___ INFORMATION PROVIDED

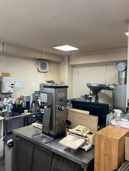 以前からの気になっていたのですが、店内はちょうど焙煎中で珈琲豆焙煎の強い香りと煙が漂っていてコーヒー好きのわたしとしては至福の空間♪ 店内にはさまざまな産地の珈琲豆を季節や気温に合わせて焙煎されるという。
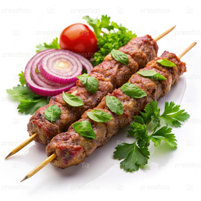 Два жареного говяжьего кабоба с базиликом, помидором и луком
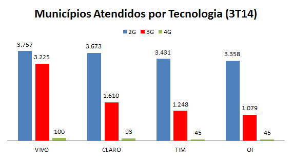 A Vivo liderava também em quantidade de municípios atendidos com 2G, 3G e 4G.
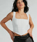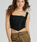 This simply stunning ruched lace corset top will bring the flirty vibes to your date night outfit. The top's sheer floral lace fabric gives off a soft feminine look. and the full knit lining provides coverage. The sleeveless square neckline shapes the front with tank shoulder straps. and the flexible boning inserts provide structure. The front of the corset top has ruched detailing to accentuate your figure. leading to the back zipper closure. The fitted. angled. and cropped hem will give you a chic silhouette. Style this pretty corset top with a mini skirt and mules.
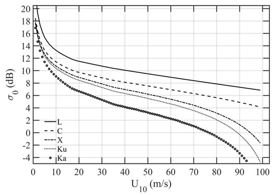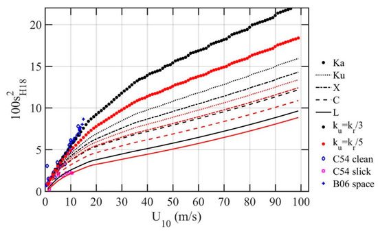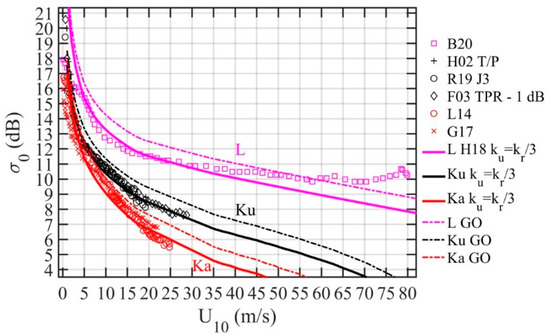 Figure 12 shows the data from all three EM frequencies together and the comparison with model computation using (14) with integrated to ku = kr/3. The number of reported data sets is considerably less in other EM frequencies. As mentioned in Section 3, there are two L band NRCS data sets reported from the CYGNSS mission [23,24]. A couple of Ka band altimeter (ALtiKa) data sets have also been reported from the SARAL mission [25,26]. For the Ka band, the model-data agreement (red markers and solid line) is close to that of the Ku band comparison (black markers and solid line). For L band, the model results with integrated to ku = kr/3 are shown (magenta marker and solid line). Less than 1 dB difference is found between model and measurements to wind speed about 60 m/s. Also shown for reference are the GO solutions Equation (9) for the three frequencies illustrated with dashed lines, which are about 1 dB too high compared to the data.
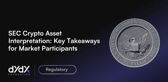 3월 17일, 미국 증권거래위원회(SEC)는 미국 상품선물거래 미국 상품선물거래위원회CFTC) 의 승인을 받아 미국 연방 증권법이 암호화폐 자산에 어떻게 적용되는지 명확히 하는 68페이지 분량의 해석 보고서를 발표했습니다. 5개 범주로 나뉜 토큰 분류 체계, 스테이킹, 채굴, 래핑 및 에어드롭에 대한 명확한 지침... 그리고 여전히 해결해야 할 몇 가지 중요한 공백이 있습니다. 아래에서 디와이디엑스(DYDX) 재단의 전체 내역을 확인할 수 있습니다: dydx.foundation/blog/sec-crypt...…
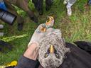 Кольцо подпилено, был номер CE-43. Окольцевали 3 слетков из 4.
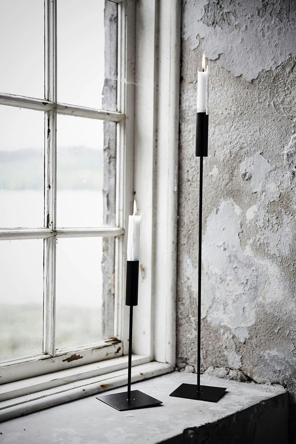 Candleholder from Ernst Kirchsteiger, made of metal. With its high foot, the candle comes up a bit and spreads a beautiful light through the room. Available in three heights.
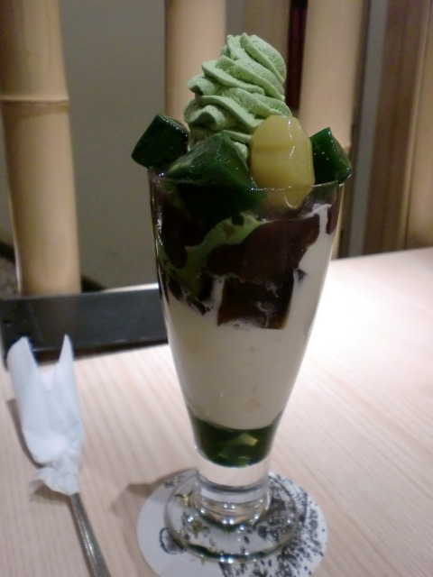 この後、ご飯食べるし・・・と諦め、普通サイズの「都路里パフェ」に変更しました。
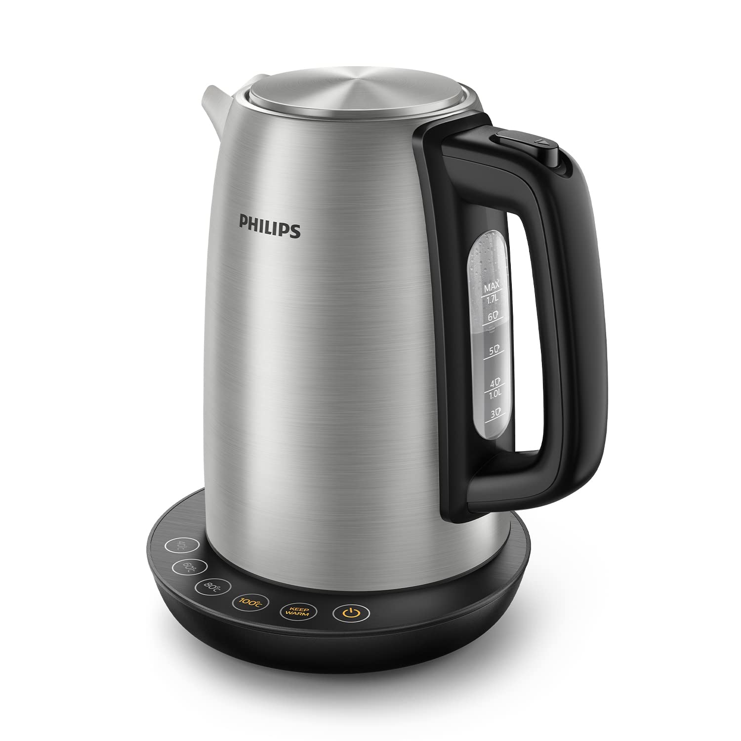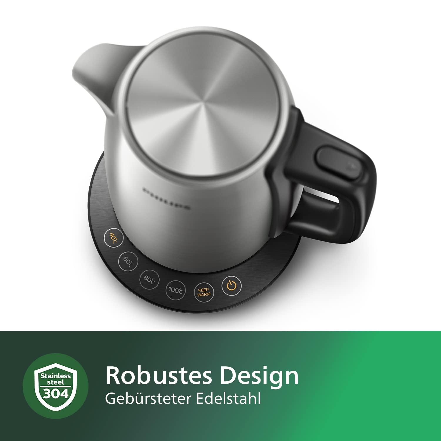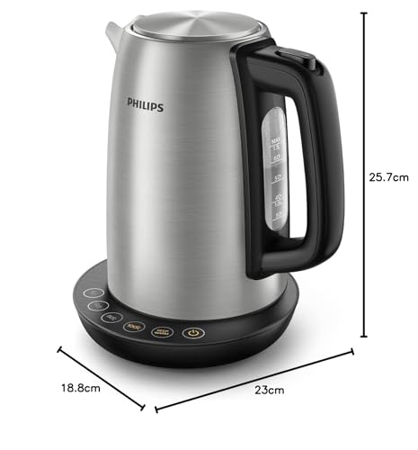 - Für perfektes Ausgießen, von Tee bis Babynahrung: Philips Avance Collection Wasserkocher mit Temperaturregelung, Warmhaltefunktion und äußerst effizientem, flachem Heizelement für schnelles Kochen
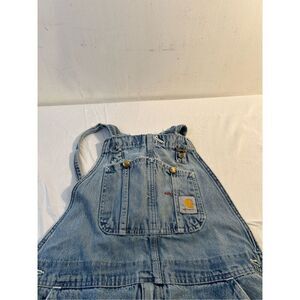 Carhartt overalls USA thrashed missing buckle rn#14806. measures 19" across the waist, 28" inseam. 100 cotton. 1 strap works.
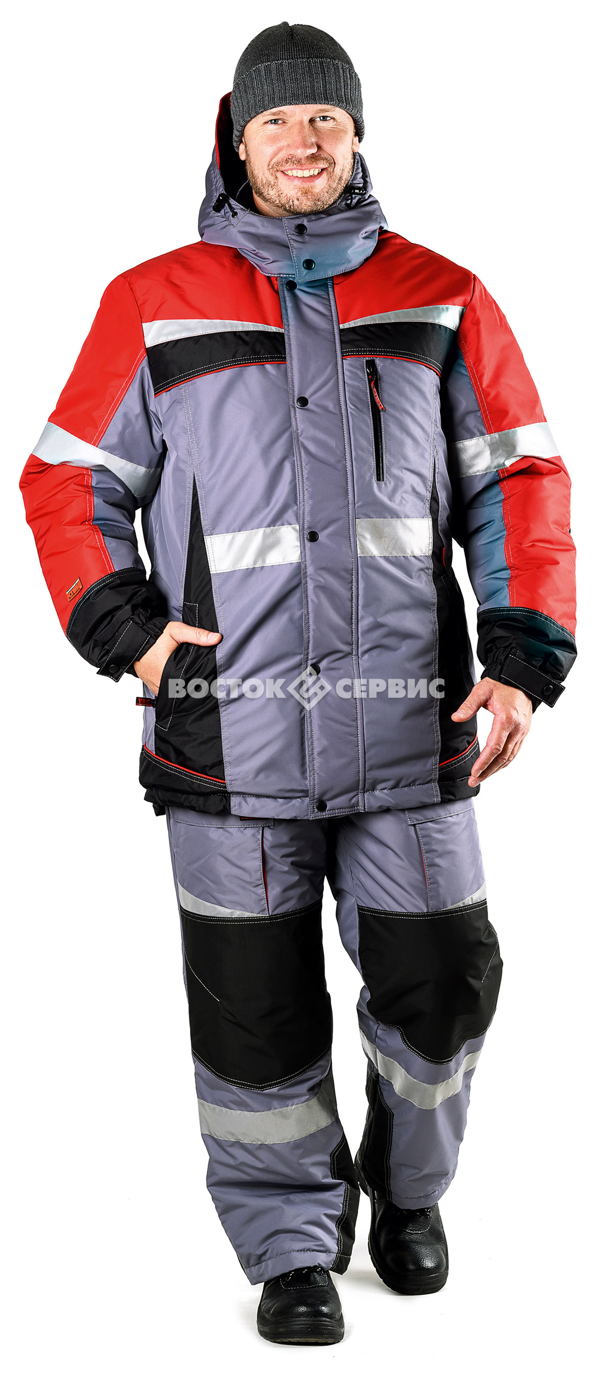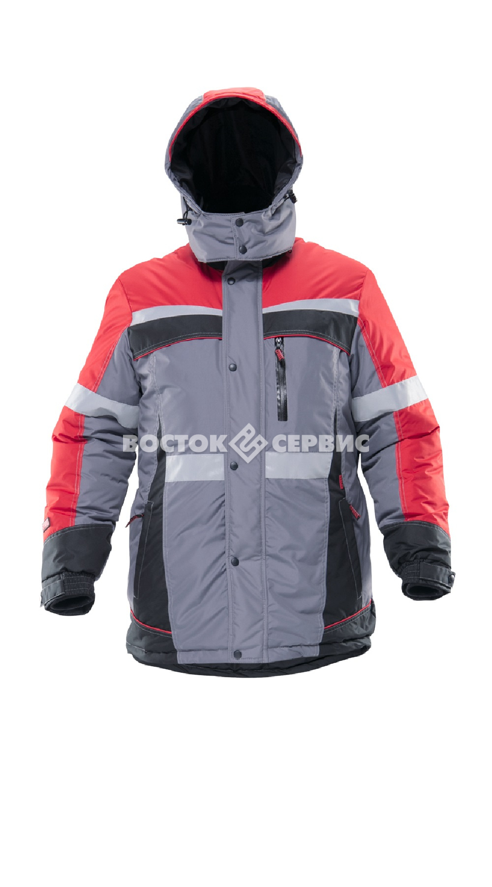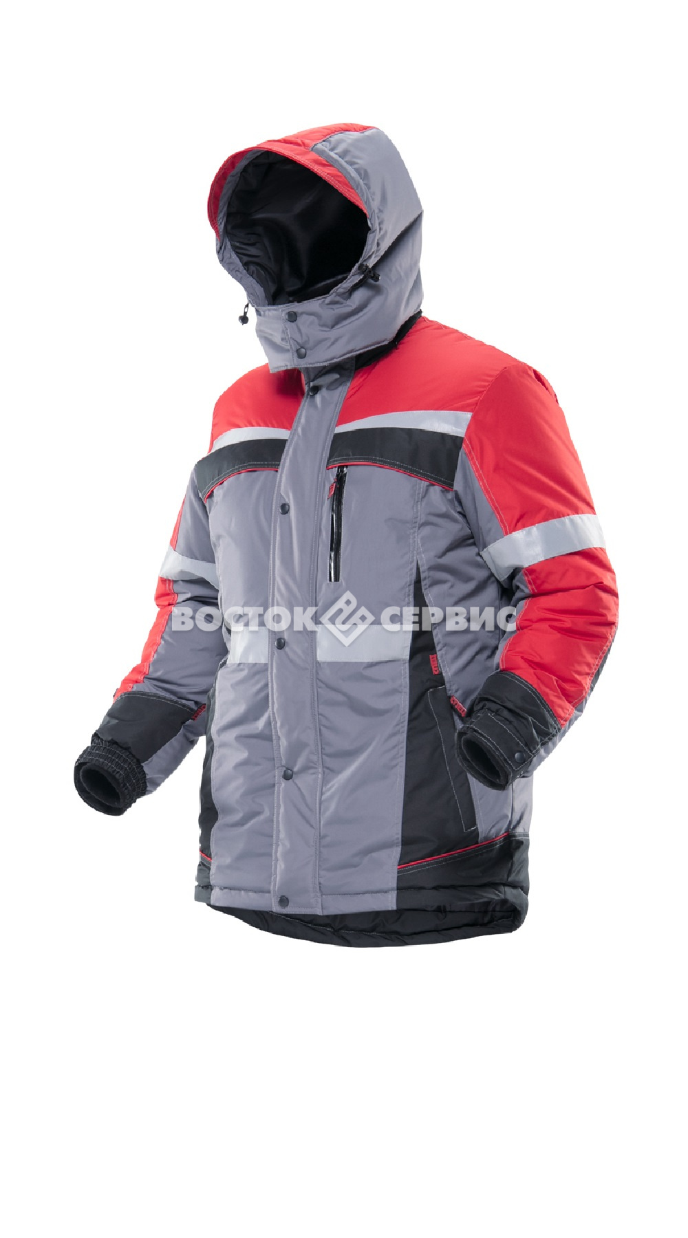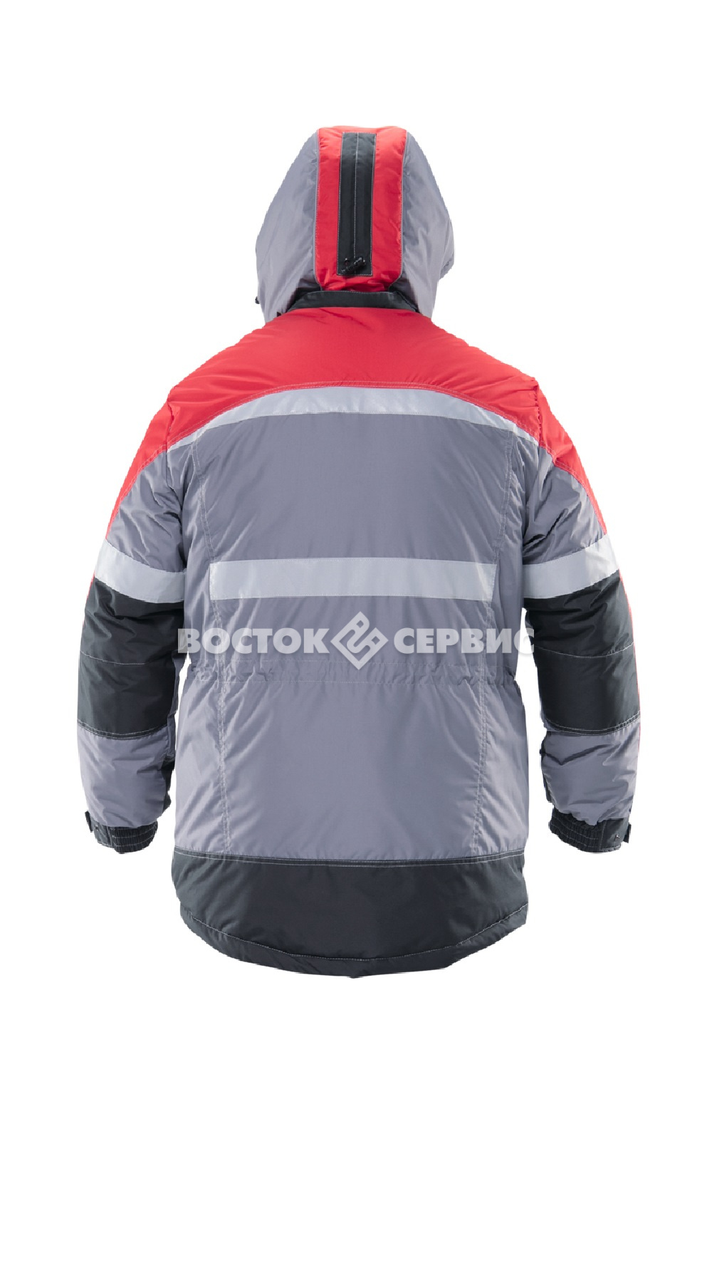Регулировки по ширине: по линии талии, низу изделия и рукавов Световозвращающие элементы: по полочкам, спинке и рукавам, на капюшоне Цвет: серый с красным и черным
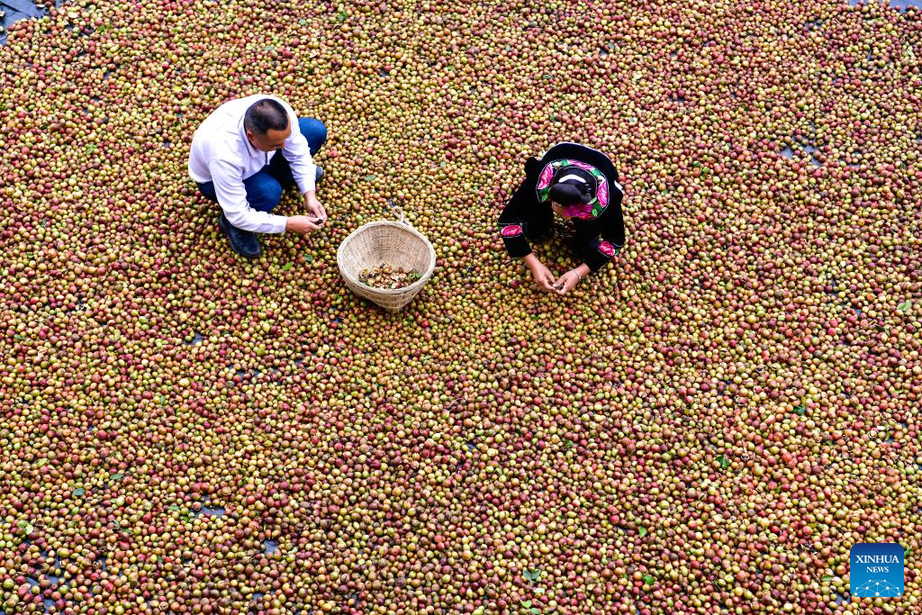 Wu Guangrong (L) and a villager dry oil tea camellia fruits at the ecological park in Longli County, southwest China's Guizhou Province, Oct. 15, 2024. Wu Guangrong, born in Fangxiang Township of Guizhou Province, has been engaged in the landscaping industry for many years since he graduated from a forestry vocational school in 2001.

______

# PROBLEM TO WORK ON:
A faithful copy of the data is required: each word kept, each picture omitted.

# RESULT BELOW:
 以前からの気になっていたのですが、店内はちょうど焙煎中で珈琲豆焙煎の強い香りと煙が漂っていてコーヒー好きのわたしとしては至福の空間♪ 店内にはさまざまな産地の珈琲豆を季節や気温に合わせて焙煎されるという。
 Два жареного говяжьего кабоба с базиликом, помидором и луком
 A Vivo liderava também em quantidade de municípios atendidos com 2G, 3G e 4G.
 This simply stunning ruched lace corset top will bring the flirty vibes to your date night outfit. The top's sheer floral lace fabric gives off a soft feminine look. and the full knit lining provides coverage. The sleeveless square neckline shapes the front with tank shoulder straps. and the flexible boning inserts provide structure. The front of the corset top has ruched detailing to accentuate your figure. leading to the back zipper closure. The fitted. angled. and cropped hem will give you a chic silhouette. Style this pretty corset top with a mini skirt and mules.
 Figure 12 shows the data from all three EM frequencies together and the comparison with model computation using (14) with integrated to ku = kr/3. The number of reported data sets is considerably less in other EM frequencies. As mentioned in Section 3, there are two L band NRCS data sets reported from the CYGNSS mission [23,24]. A couple of Ka band altimeter (ALtiKa) data sets have also been reported from the SARAL mission [25,26]. For the Ka band, the model-data agreement (red markers and solid line) is close to that of the Ku band comparison (black markers and solid line). For L band, the model results with integrated to ku = kr/3 are shown (magenta marker and solid line). Less than 1 dB difference is found between model and measurements to wind speed about 60 m/s. Also shown for reference are the GO solutions Equation (9) for the three frequencies illustrated with dashed lines, which are about 1 dB too high compared to the data.
 3월 17일, 미국 증권거래위원회(SEC)는 미국 상품선물거래 미국 상품선물거래위원회CFTC) 의 승인을 받아 미국 연방 증권법이 암호화폐 자산에 어떻게 적용되는지 명확히 하는 68페이지 분량의 해석 보고서를 발표했습니다. 5개 범주로 나뉜 토큰 분류 체계, 스테이킹, 채굴, 래핑 및 에어드롭에 대한 명확한 지침... 그리고 여전히 해결해야 할 몇 가지 중요한 공백이 있습니다. 아래에서 디와이디엑스(DYDX) 재단의 전체 내역을 확인할 수 있습니다: dydx.foundation/blog/sec-crypt...…
 Кольцо подпилено, был номер CE-43. Окольцевали 3 слетков из 4.
 Candleholder from Ernst Kirchsteiger, made of metal. With its high foot, the candle comes up a bit and spreads a beautiful light through the room. Available in three heights.
 この後、ご飯食べるし・・・と諦め、普通サイズの「都路里パフェ」に変更しました。
 - Für perfektes Ausgießen, von Tee bis Babynahrung: Philips Avance Collection Wasserkocher mit Temperaturregelung, Warmhaltefunktion und äußerst effizientem, flachem Heizelement für schnelles Kochen
 Carhartt overalls USA thrashed missing buckle rn#14806. measures 19" across the waist, 28" inseam. 100 cotton. 1 strap works.
Регулировки по ширине: по линии талии, низу изделия и рукавов Световозвращающие элементы: по полочкам, спинке и рукавам, на капюшоне Цвет: серый с красным и черным
 Wu Guangrong (L) and a villager dry oil tea camellia fruits at the ecological park in Longli County, southwest China's Guizhou Province, Oct. 15, 2024. Wu Guangrong, born in Fangxiang Township of Guizhou Province, has been engaged in the landscaping industry for many years since he graduated from a forestry vocational school in 2001.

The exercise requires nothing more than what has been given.